La partita sui dazi ha dato un primo risultato, anche se non definitivo. Al netto delle scontate letture diverse a destra e a sinistra, il giudizio largamente prevalente in Italia e all’estero è che l’Europa abbia subito – o, meglio, non abbia saputo o voluto evitare – una sconfitta dura nel merito e umiliante nei modi. Il bullo di Washington ha stravinto.
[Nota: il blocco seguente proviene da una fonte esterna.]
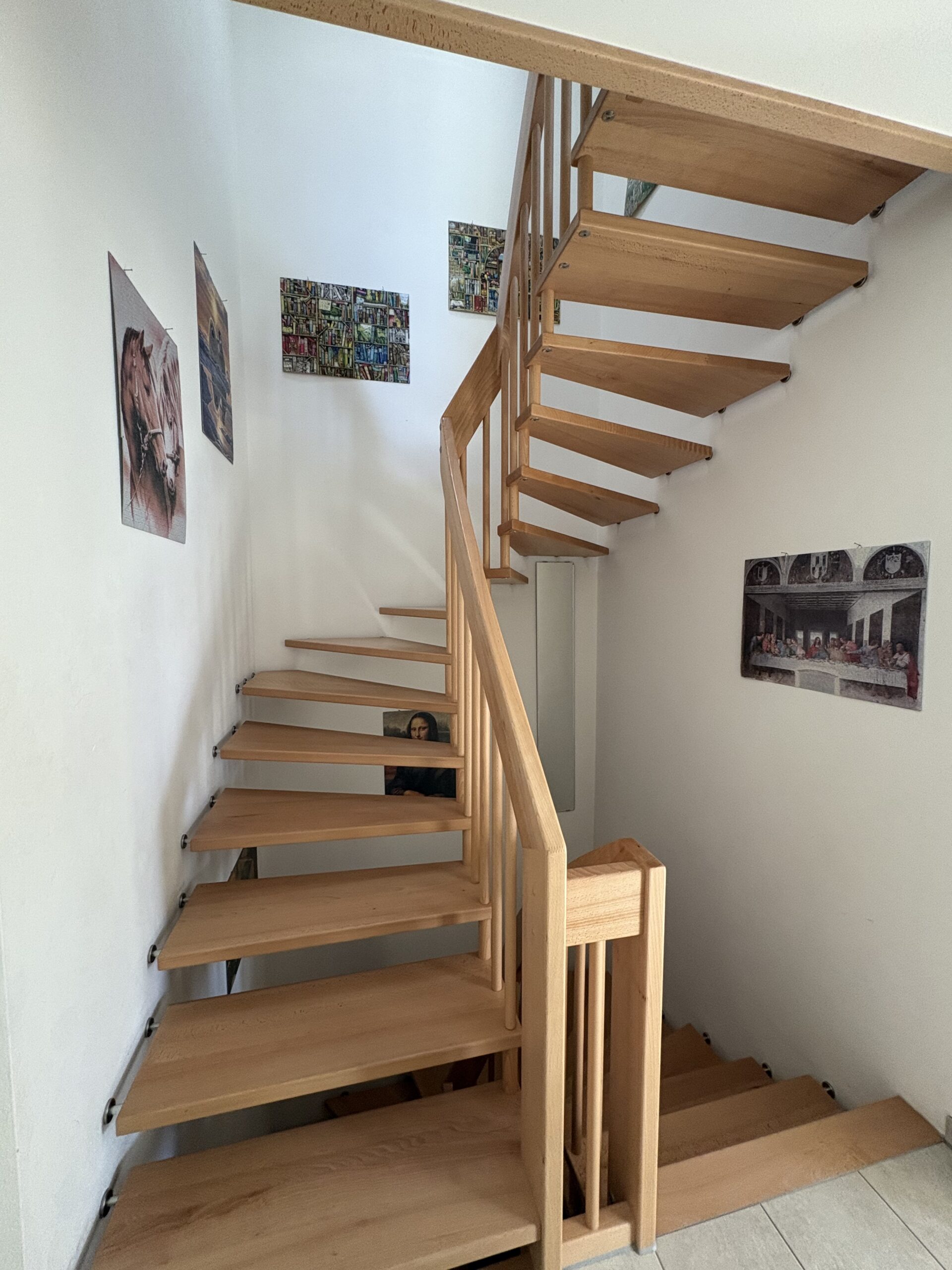 Über eine hochwertige Echtholztreppe gelangen Sie in das Obergeschoss. Hier erwarten Sie drei helle Schlafzimmer sowie ein großzügiges Tageslichtbad mit bodengleicher Dusche, Badewanne und zwei Waschbecken.
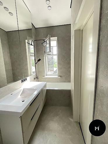 - Санузлы: разводка и монтаж сантехники, гидроизоляция, укладка керамогранита, установка мебели и аксессуаров.
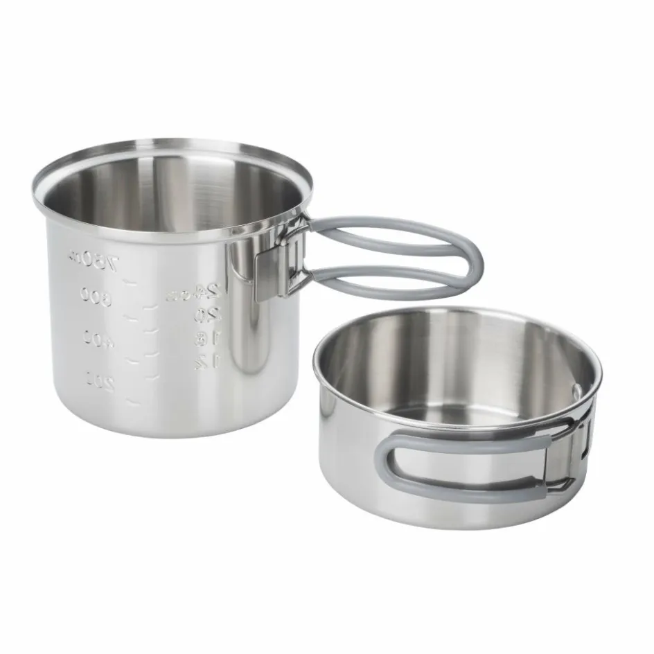 Die Kombination aus Topf und Deckel eignet sich optimal für eine Person. Sie ist platzsparend im Gepäck, aus robustem Edelstahl gefertigt und energiesparend zu beheizen.
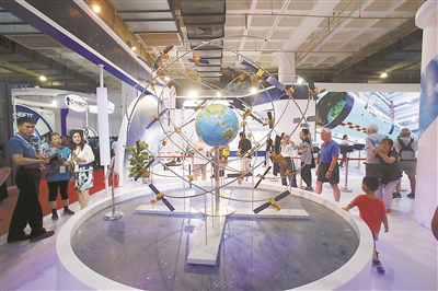 2017年6月9日,參觀者在北京科博會上觀看北斗導航衛星星座。(資料圖片)
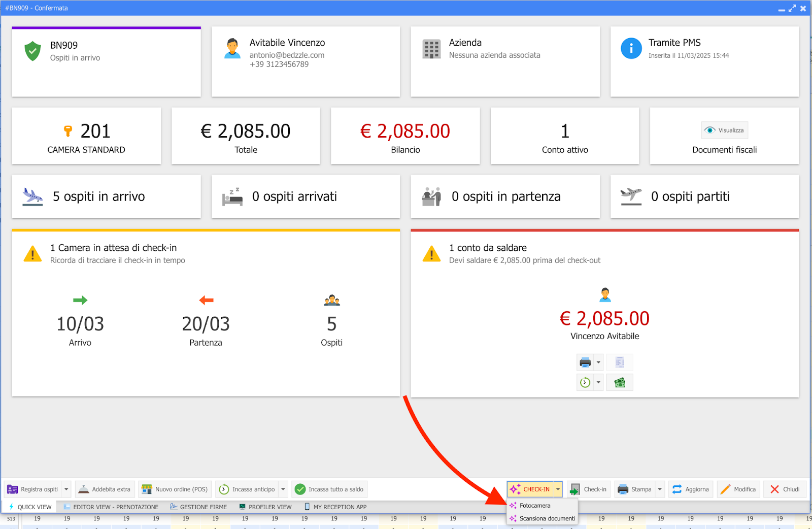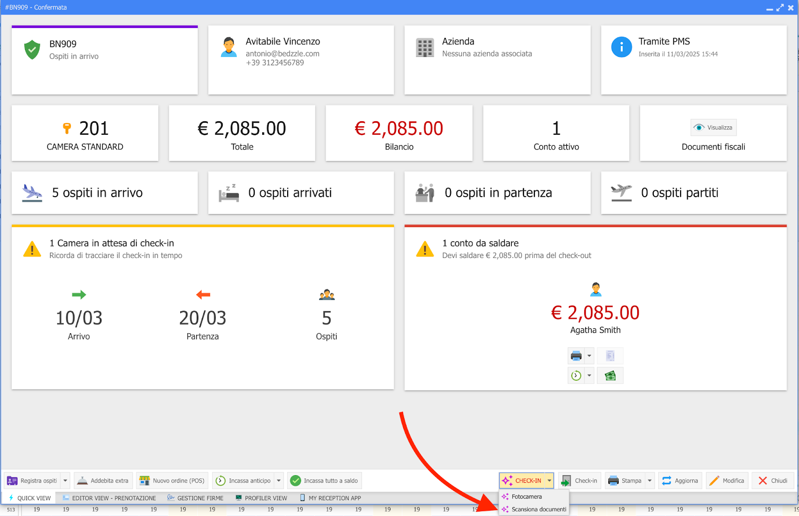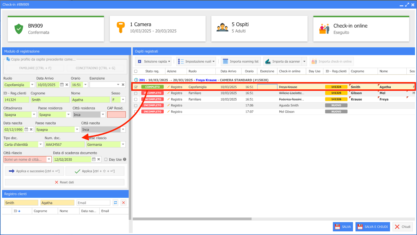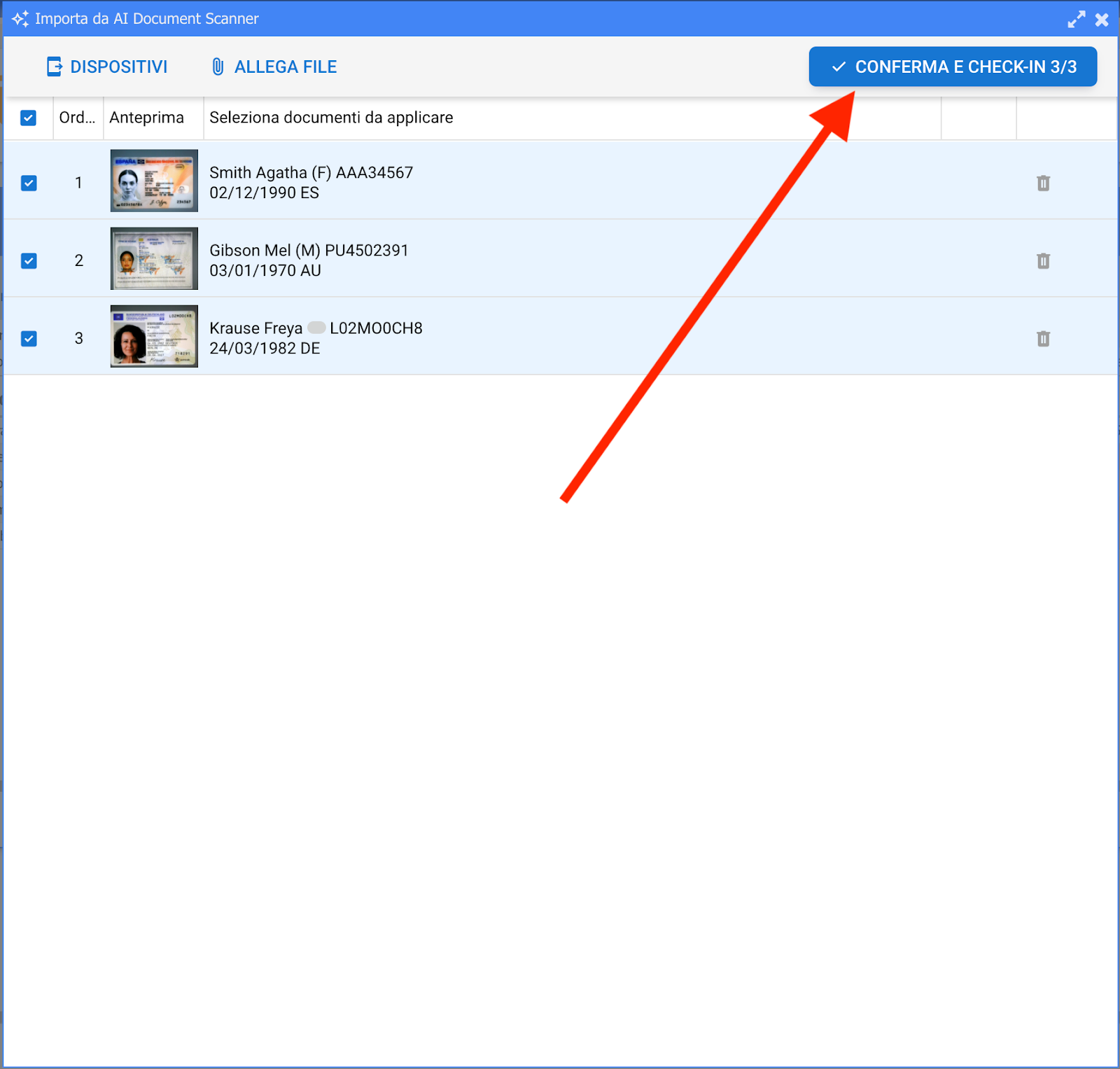 Una volta visualizzati i documenti acquisiti nel PMS, clicca su "CONFERMA E CHECK-IN" per trasferire i dati nel modulo "Registrazione ospiti" ed effettuare il check-in.

Forse si potrà solo ridurre il costo della sconfitta in singoli settori e per casi particolari. La cosa riguarda ovviamente tutto il paese. Ma tocca in specie il Mezzogiorno. La maggiore fragilità del tessuto produttivo accresce il possibile effetto negativo dell’aumento dei dazi al 15%. Questo giornale dà ampio conto dell’analisi Svimez che quantifica l’impatto, specificando che la Campania è, nel Mezzogiorno, la regione più colpita in termini sia assoluti che relativi. Agroalimentare, automotive e farmaceutica sono tra i settori più a rischio, con centinaia di milioni di euro e migliaia di posti di lavoro in ballo. Un minore pessimismo viene da chi guarda a punti ancora non noti o da definire dell’accordo. Ma l’atteggiamento dell’amministrazione Usa in queste ore lascia poco sperare. Ci vorrà qualche tempo per conoscere l’effettivo punto di caduta. Ma certo bisogna da subito prepararsi al peggio, e fare il possibile per parare il colpo.
Sarà compito anzitutto del governo nazionale definire una strategia per sostenere i settori in difficoltà, e trovare le risorse necessarie. Con conti pubblici già in affanno, ci sarà una dura competizione tra territori per ottenere una fetta di aiuti. E rischiamo per l’ennesima volta di scoprire un paese di figli e figliastri. Avremmo quindi bisogno non domani, ma oggi, di avere una politica forte e autorevole, in grado di farsi valere sul piano nazionale nelle scelte che verranno. Ce l’abbiamo? Certamente no. Dei dazi si parla da mesi.
Una prima stima Svimez del potenziale impatto sul Mezzogiorno risale al 4 febbraio: si segnalava che il contributo del Sud alle esportazioni italiane era al 28,4% in automotive, elettronica e informatica, al 22,6% in agrifood, all’11,2% in farmaceutica. Abbastanza, si direbbe, per attirare l’attenzione di un ceto politico degno del nome. Sono passati quasi sei mesi. Di cosa ha discusso da allora quel ceto politico? Quasi esclusivamente di terzo mandato, poltrone e candidature.
Ora l’aumento dei dazi cade su un panorama generale già difficile. Aree interne, difficoltà sui fondi Pnrr, carenze nell’erogazione di servizi pubblici essenziali come istruzione, sanità, trasporti, povertà diffusa assoluta e relativa, danno il quadro di un Mezzogiorno in cui pochi isolati indicatori economici offrono segnali positivi, della cui tenuta è possibile dubitare.
È un quadro che senza interventi efficaci può solo peggiorare con l’aumento dei dazi. La domanda è: esiste un progetto alternativo della politica meridionale, almeno nelle due grandi regioni – Campania e Puglia – che si apprestano ad andare al voto? Non se ne coglie segno nel dibattito. Per contro, leggiamo di Calderoli che va avanti con le trattative sull’autonomia differenziata, senza tenere alcun conto delle indicazioni della sentenza 192/2025 della Corte costituzionale, e senza coinvolgere in alcun modo il Parlamento. Capiamo bene che la politica è fatta anche di ambizioni personali, di trattative alla De Luca per sé e per i suoi, di turbolenze tra fazioni pro o contro un segretario/a, di voglia di piantare una bandierina, di nomine e di incarichi.
Ma non può essere solo questo. Un progetto, un’idea di futuro, una speranza di vita migliore non devono mancare. Ed è anche vero che a Roma la salute non è migliore. Un ultimo sondaggio ci dice che per larga parte degli italiani una riforma epocale – la giustizia – avrà un impatto minimo o nullo sulla propria vita. Questo la dice lunga sulle priorità di maggioranza. Ma non è cosa che ci consoli. Vorremmo che d’ora in poi la campagna elettorale parlasse un linguaggio diverso.
Come vorremmo una politica che desse a ognuno la certezza di non morire sul lavoro, e il diritto a una retribuzione sufficiente a sé e alla famiglia e a un’esistenza libera e dignitosa (art. 36 Cost.). Ma, se ci guardiamo attorno e con il governo che c’è, forse è sperare troppo.